**WORK ITEM:**
Of the lines listed below, return exactly those that run from the line containing "- About the" through the line containing "本協定では、令和5年4月から", both included.

**RECORDS TO PROCESS:**
--- START ---
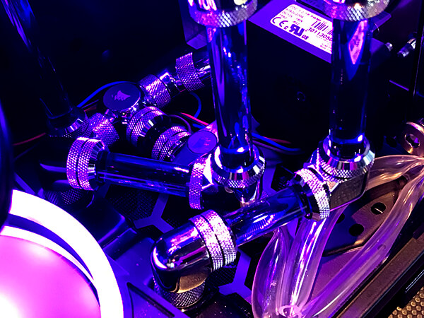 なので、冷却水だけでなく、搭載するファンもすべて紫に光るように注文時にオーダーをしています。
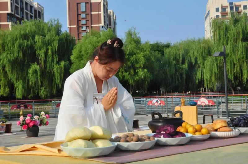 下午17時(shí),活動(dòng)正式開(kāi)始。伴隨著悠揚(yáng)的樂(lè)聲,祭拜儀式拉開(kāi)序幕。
--- END ---
--- START ---
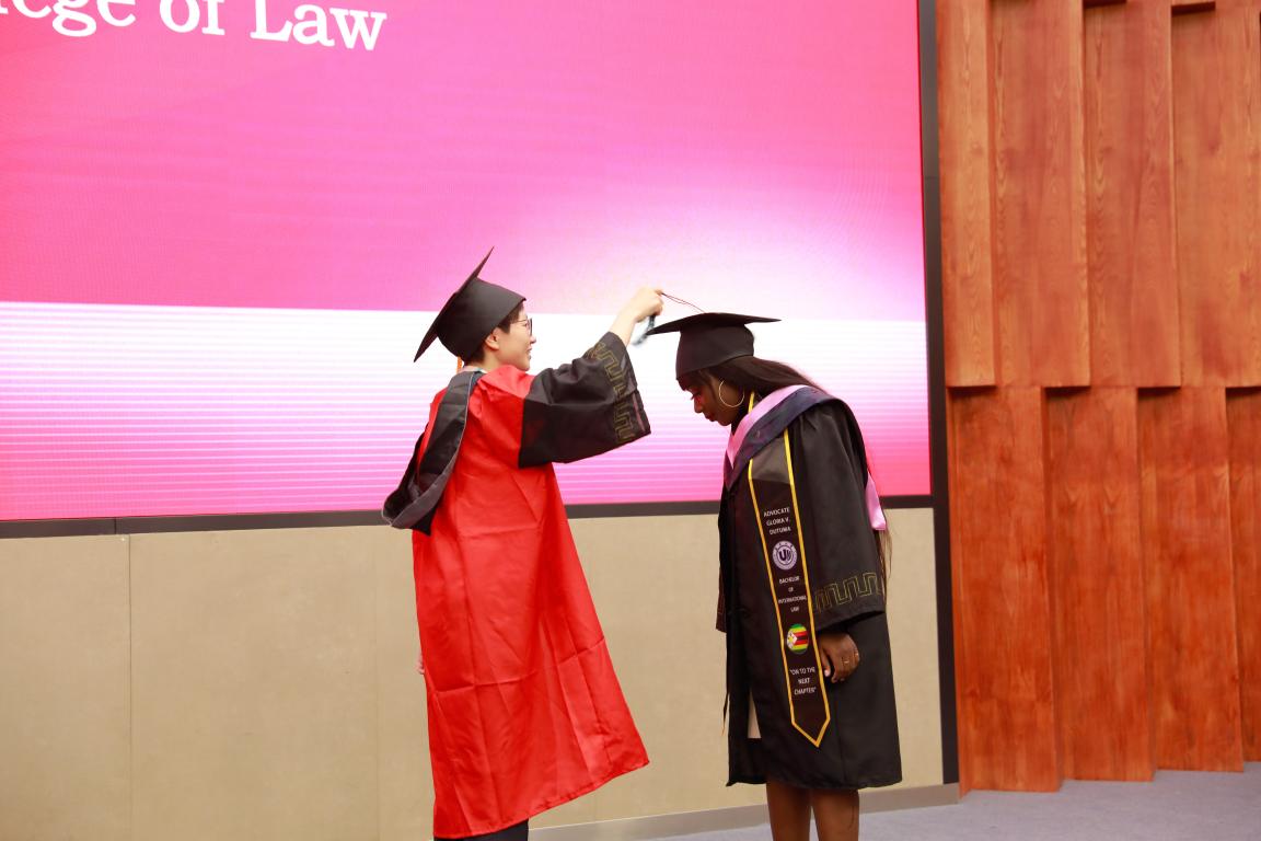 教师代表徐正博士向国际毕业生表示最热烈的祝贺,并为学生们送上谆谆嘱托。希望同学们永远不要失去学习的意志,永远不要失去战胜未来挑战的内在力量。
--- END ---
--- START ---
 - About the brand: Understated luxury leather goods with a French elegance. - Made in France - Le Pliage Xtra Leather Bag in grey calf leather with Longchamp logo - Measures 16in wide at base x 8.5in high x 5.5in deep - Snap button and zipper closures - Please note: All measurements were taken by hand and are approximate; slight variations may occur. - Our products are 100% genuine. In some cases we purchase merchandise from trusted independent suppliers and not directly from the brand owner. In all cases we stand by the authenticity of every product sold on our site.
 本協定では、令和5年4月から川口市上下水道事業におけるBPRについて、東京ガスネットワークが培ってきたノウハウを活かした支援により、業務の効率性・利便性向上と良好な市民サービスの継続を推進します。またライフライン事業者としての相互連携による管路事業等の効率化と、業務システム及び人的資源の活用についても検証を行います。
--- END ---
**RESULT FOR THIS EXERCISE:**
 - About the brand: Understated luxury leather goods with a French elegance. - Made in France - Le Pliage Xtra Leather Bag in grey calf leather with Longchamp logo - Measures 16in wide at base x 8.5in high x 5.5in deep - Snap button and zipper closures - Please note: All measurements were taken by hand and are approximate; slight variations may occur. - Our products are 100% genuine. In some cases we purchase merchandise from trusted independent suppliers and not directly from the brand owner. In all cases we stand by the authenticity of every product sold on our site.
 本協定では、令和5年4月から川口市上下水道事業におけるBPRについて、東京ガスネットワークが培ってきたノウハウを活かした支援により、業務の効率性・利便性向上と良好な市民サービスの継続を推進します。またライフライン事業者としての相互連携による管路事業等の効率化と、業務システム及び人的資源の活用についても検証を行います。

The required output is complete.